Practicing Belonging: Advocacy

By Frank Nam, We Belong Here Project Director

One of the 4 practices in the Greater Seattle Compact for Belonging is Advocacy. In the compact, we introduce the practice this way:

…an advocate is someone who lends their support, usually publicly… When we advocate for others, we are working towards building common ground and accessibility for all.

The practice of advocacy starts with self-advocacy. So, how do you advocate for yourself? How do you build common ground internally? How do you create accessibility for yourself?

In a previous podcast, Elizabeth Ralston and I discussed internalized ableism as two people who are impacted by hearing loss. Elizabeth is deaf and I have single-sided deafness (SSD). This is a condition I was born with but never really confronted as a part of me until my early 30’s. I never advocated for myself. If I couldn’t hear, I would move to another side of the room or table. I wouldn’t speak up if someone refused to use the microphone in a large gathering. As I got older, I realized that SSD was a part of me and I needed to ask others to do things for me to feel like a whole person in challenging spaces. This is where the practice of Advocacy starts. 
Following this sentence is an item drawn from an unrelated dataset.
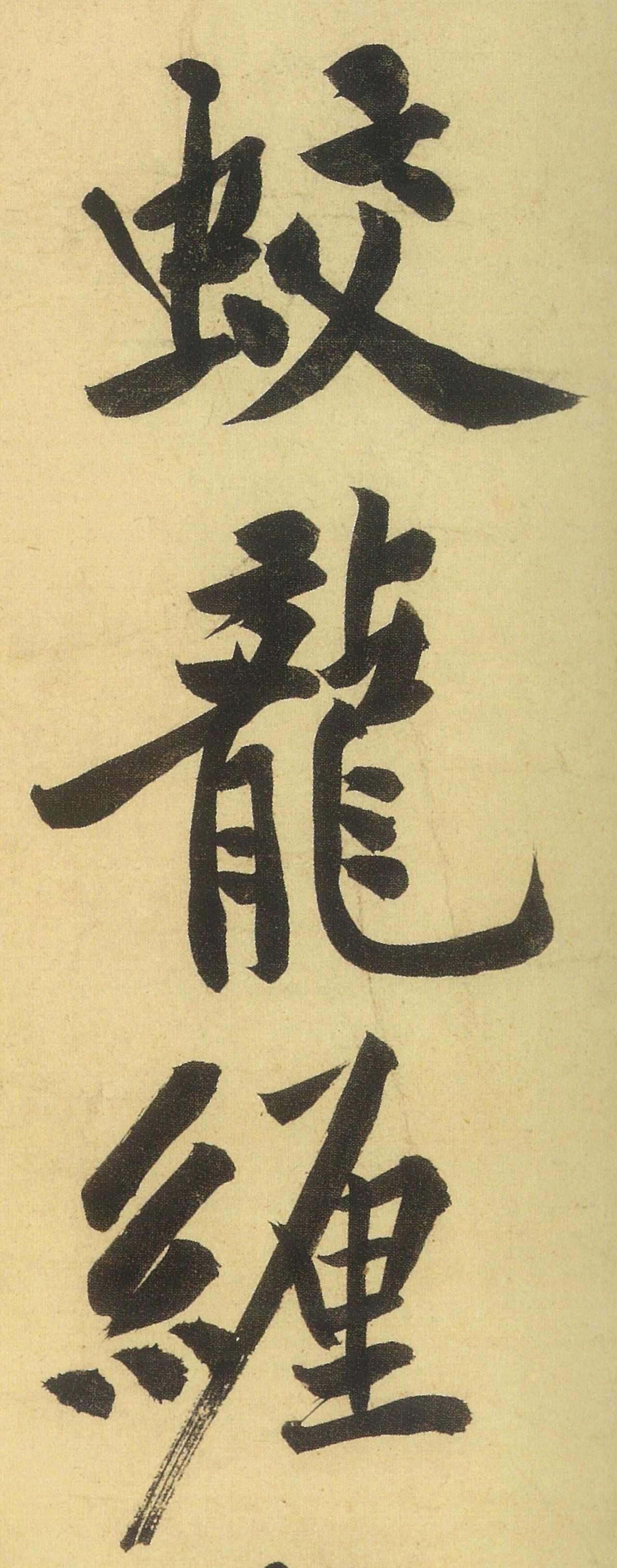 从上述分析中,可见黄庭坚书法最为显著的特征在于“长枪大戟”的笔画。我们知道,苏轼曾以“树梢挂蛇”来形容黄庭坚笔下长瘦的线条,而黄庭坚以“石压虾蟇”来形容苏轼笔下扁昂的形体。不论二人之说附会与否,其调笑之语,并非一时神思,而是颇有渊源。王羲之《笔势论十二章并序》说:“夫学书作字之体,须遵正法。……伤长则似死蛇挂树(腰枝无力),伤短则似踏死虾蟇(言其阔也),此乃大忌,可不慎欤!”故而,“长枪大戟”的线条忌在腰肢无力,须写得遒劲挺拔,才能显出字的精神。抛开玩笑,苏轼“树梢挂蛇”的说法也正点出了黄庭坚书法独特的魅力,其拉长的笔画确如龙蛇在笔下翻飞,将书法的线条写出了一重新的独特的美感。这种线条极富张力,打破了他之前的书家的书写样貌和风格追求,将自唐代而来的狂草书在线条上外放之力,截断蓄积,凝练为更为平和的笔底风云,为宋代书法的突围增添了浓墨重彩的一笔。

In a Harvard Business Review article, Rachel Montañez discusses the question of how to advocate for oneself in the workplace. She advises the audience to start at finding clarity in what you want for yourself in your career. She asks the audience to delve into the following questions:

  1. What are your strengths?

  2. What gives you vitality, and what drains you?

  3. What environment empowers and enables you to do your best work?

As I get older, the answers to these questions have become more and more clear but you don’t have to wait to reach your 50’s to get there.  I encourage you to start asking yourself these questions now and explore ways to integrate the answers to these questions into your lifestyle. 

Furthermore, you can apply these questions to the art of advocating for others as well. When you advocate for someone else, consider their strengths, what energizes them, and how they are best enabled. 

Here are some other tips to help you advocate for others:

  1. Do your homework. Read about the person or issue you want to advocate for. Look at the past before you support the future.

  2. Be in a relationship with the person or issue. Ask them the clarifying questions above or get involved in an organization that you care about.

  3. Big or small. Advocacy can be something as grandiose as marching in the street or as simple as writing someone a recommendation letter. It all counts.